Stored dataset items:
>>>

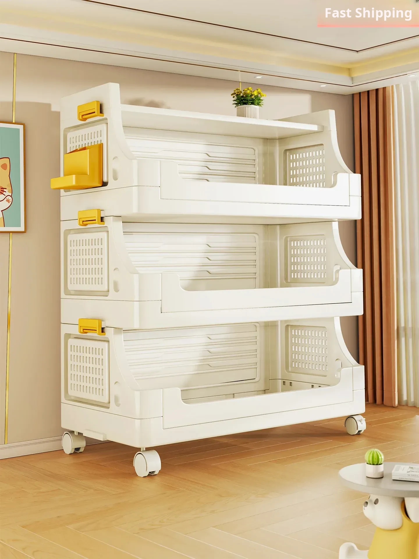 Multi-Layer Mobile Storage Cart for Home – Baby Snack Organizer, Floor Standing Shelves, Ideal for Living Room Organization and Book Storage. Perfect for Decluttering Your Space!
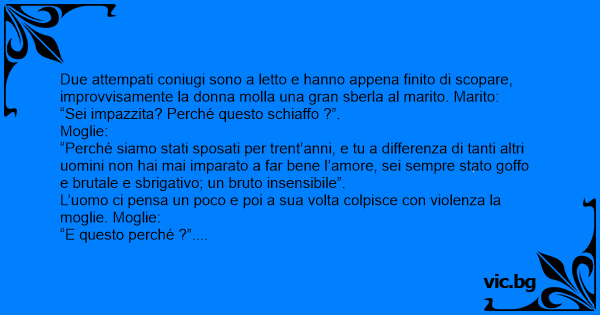 Due attempati coniugi sono a letto e hanno appena finito di sсораrе, improvvisamente la donna molla una gran sberla al marito. Marito:
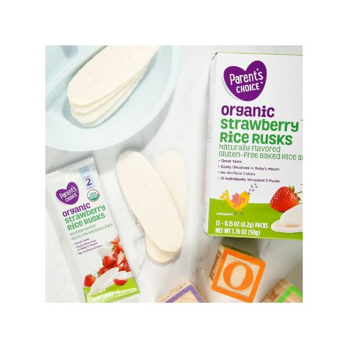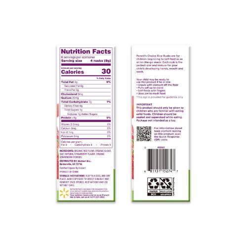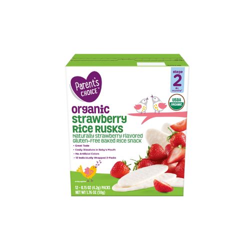 Parent’s Choice Organic Strawberry Rice Rusks, Stage 2, 6+ Months, are a delicious, handy snack for children who are beginning to feed themselves and for when the family is on the move. The strawberry-flavored rusks, which contain no artificial colors, not only taste great but also will dissolve easily in your little one’s mouth. These gluten-free organic snacks are designed to be the ideal size and texture for your child’s developing hands, mouth, and teeth. They are formulated for children who are 6 months and older. Each package comes with 12 individually wrapped packs of 2 rusks each, giving you a supply of a satisfying treat for your child when you’re at home or on the go. Parent’s Choice Organic Strawberry Rice Rusks, Stage 2, 6+ Months, are a great snack option for children who are learning to feed themselves. Since 1998, Walmart’s Parent’s Choice has been trusted by parents across the country to provide quality, affordable baby products. We offer a wide range of products including diapers, wipes, toiletries, baby food, formula and baby feeding products. With a quality guarantee to back up all its baby, toddler, infant and newborn products, Parent’s Choice takes care of your little one’s needs for less. Stage 2 6+ months. This age is provided for guidance only. Parent’s Choice Rice Rusks are for children beginning to self-feed or as an on-the-go snack. Each rusk is the perfect size and texture for your child’s developing hands, mouth and teeth. Your child may be ready to use this product if he or she: Crawls with stomach off the floor Pulls self up to stand Self-feeds with fingers Uses jaw to mash food
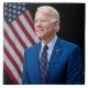 Das Foto erfasst einen Augenblick im Jahr 2021 von Präsident Joe Biden, das Bild ist jetzt eines seiner offiziellen US-Präsidenten-Foto. Sonnenlicht strömt durch ein Fenster und wirft ein warmes Licht auf die Figur eines Biden, der sicher in der Mitte des Rahmens stehend ist. Seine Arme werden überquert, eine Geste, die sowohl Autorität als auch einen Hauch von lässiger Leichtigkeit suggeriert. — Herr Biden ist tadellos in einem blauen Anzug gekleidet, der knusprige Stoff steht in scharfem Kontrast zu den klaren Linien seines weißen Shirts. Eine blau-rot gestreifte Krawatte verleiht dem Ensemble eine Touch Persönlichkeit. — Ein Blick auf Patriotismus ist im Hintergrund erkennbar. Eine amerikanische Fahne steht stolz auf einem Pol zu den links des Mannes, ihre lebhaften Farben einen kühnen Kontrast zu dem kräftigen Schwarz hinter Joe. Ein näheres Bild zeigt ein Gemälde an der Wand, das der beruflichen Atmosphäre eine Touch persönlichen Flairs verleiht. — Präsident Biden ist der Mittelpunkt des Bildes. Sein kurzes weißes Haar umrahmt ein freundliches Gesicht, das an den Linien eines Lebens geätzt ist. Ein warmes Lächeln spielt auf den Lippen und vermittelt ein Gefühl von Selbstvertrauen, Weisheit und vielleicht ein Gefühl von Vergnügen.
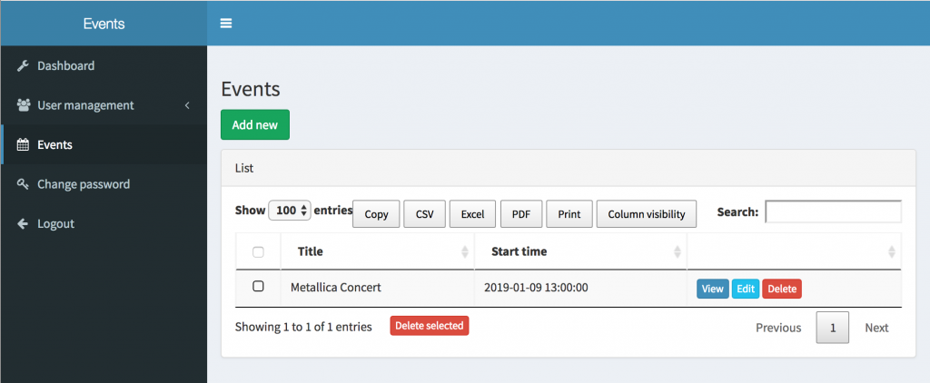 And that's it, all you need to do now is create a list, so in app/Http/Controllers/Admin/EventsController.php we have this:
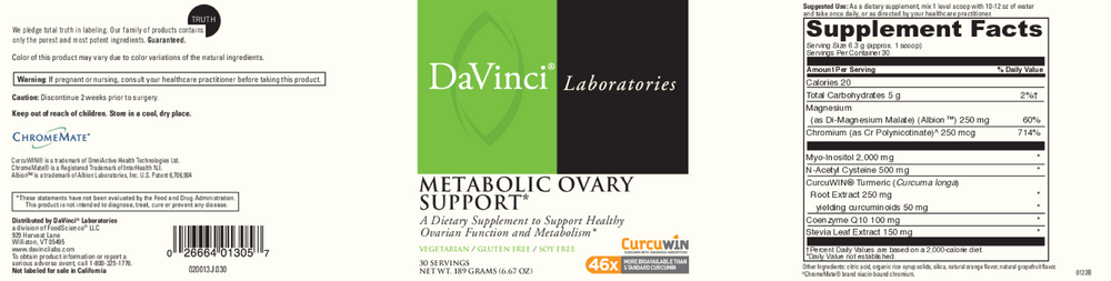 Metabolic Ovary Support* is a dietary supplement that supports ovarian health,* insulin function,* lipid metabolism* and antioxidant levels.* Ovarian health is more of a focus than ever and the need for a complete formula is greater than ever. This comprehensive formula features the most notable nutritional ingredients to support the structure and physiology associated with the ovaries, metabolism (both glucose and lipid) as well as supporting healthy magnesium levels. This great tasting powder represents the gold standard in foundational ovary support.*
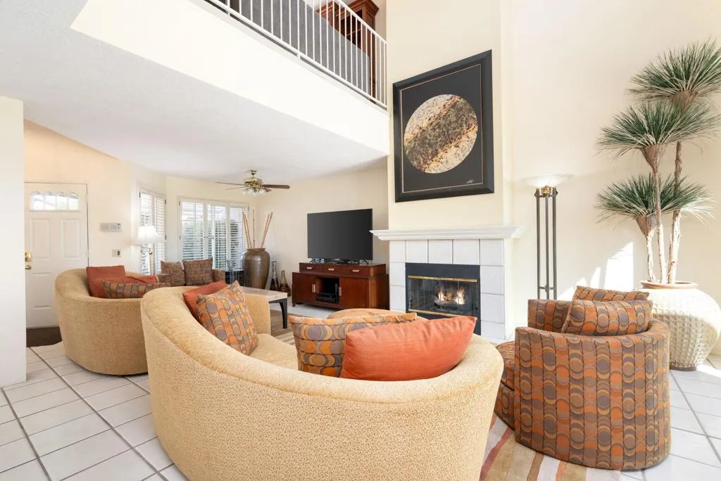 This Bright, Beautiful, 4-bedroom, 3 full bathrooms, Townhome is the perfect Family & Friends Vacation Resort! Situated on the highly desirable Vista Royale Circle on the 17th Hole of Desert Falls Scottish Links Championship Golf Course, and within a 40 second walk to 2 Jr. Olympic Swimming Pools. With new Quartz Counter Tops, New Lighting Fixtures, Kitchen Appliances, and more....A guest bedroom and full bath on the first floor, private laundry room and a family room to capture enjoy precious time with family and friends. The spiral staircase leads up to the second floor with 3 additional Bedrooms including the Primary Ensuite, with a large walk-in closet, bathroom with dual vanities, separate tub and shower and a private patio with panoramic views of the golf course and mountains. Looking for quiet or ready to entertain this home has it all. Whether taking in the morning sunrise or just ready to unwind from a long day of golf or tennis this lovely home checks all the boxes. Desert Falls Scottish Links Championship Golf Course is rated as one of the top 10 courses by the SCPGA and awarded a 4 -star rating from Golf Digests ''Best Places to Play''! You can choose to purchase a Seasonal Membership or pay as you play. Desert Falls Country Club is centrally located in the middle of the valley within walking distance to restaurants and shopping and only a few miles to top entertainment venues including Acrisure Arena, Agua Caliente Spa & Casino, the McCallum Theatre, The Living Desert and El Paseo: a 2-mile boulevard of upscale Galleries, Boutiques, and fine Dining Restaurants nearby. Enjoy Tennis, Pickleball, Fitness Center, 29+ Pools & Spas and a Very Active Club! Call today to book your Vacation Stay!! NOTE: Monthly rates vary with Season.
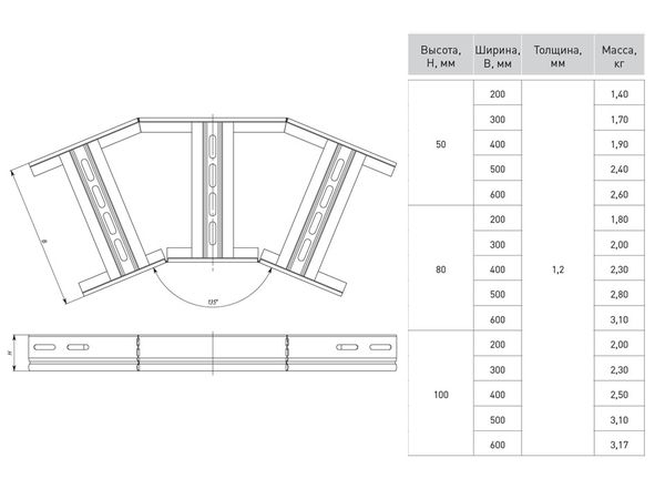| Высота лестничного лотка (боковой стенки) | 100 |
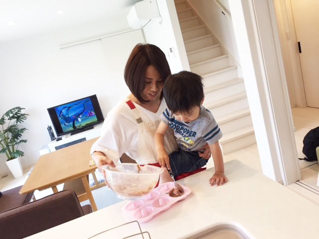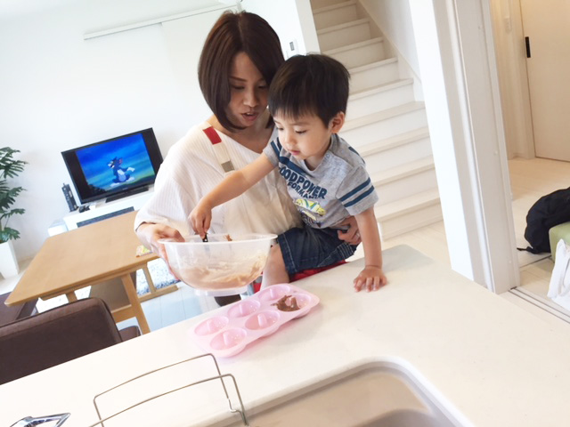 ちゃんと型に流し込めました!お手伝いありがとう(⌒∇⌒)
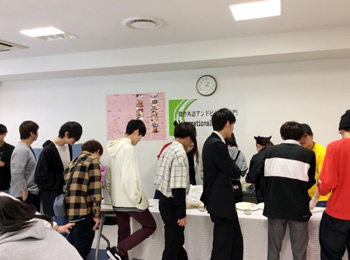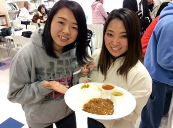 インドカレーマニアの日本人学生(N君)が、3種類のカレー&インド料理を手作りし、学生に提供しました。また、彼が実際に行ったことの御茶ノ水にあるカレー屋さん(20店!)をマップにまとめ、紹介しました。昼休みには多くの学生がカレーの匂いにつられ、長い列ができました!
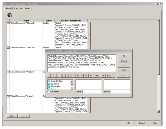 and then add a security filter for each dimension table, that refers to the dimname_LEVEL column in each logical table and ensures we pick up data for the correct level of aggregation within each dimension. When it comes to retrieving data from the analytic workspace, the BI Server will now simply select the "cells" or "rows" it wants from the aggregate data, without having to worry about performing the aggregation itself.
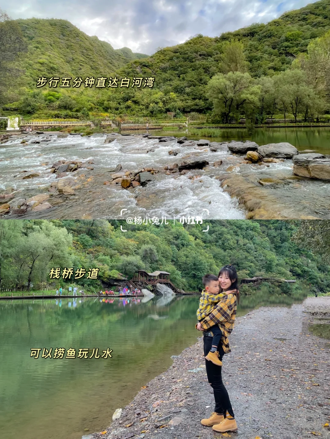 这个民宿挨着白河湾的支流,所以一路上来可以看到好多玩儿水钓鱼的浅滩,可以扎帐篷野餐,从民宿出来五分钟即达,远点的开车十分钟以内也可以到了。

<<<

__YOUR GOAL__:
Would you copy the lines above exactly, starting with the one that has "стенки) | 100 |" and ending with the one that has "インドカレーマニアの日本人学", both included, without the pictures?

__WRITTEN ANSWER__:
| Высота лестничного лотка (боковой стенки) | 100 |
 ちゃんと型に流し込めました!お手伝いありがとう(⌒∇⌒)
 インドカレーマニアの日本人学生(N君)が、3種類のカレー&インド料理を手作りし、学生に提供しました。また、彼が実際に行ったことの御茶ノ水にあるカレー屋さん(20店!)をマップにまとめ、紹介しました。昼休みには多くの学生がカレーの匂いにつられ、長い列ができました!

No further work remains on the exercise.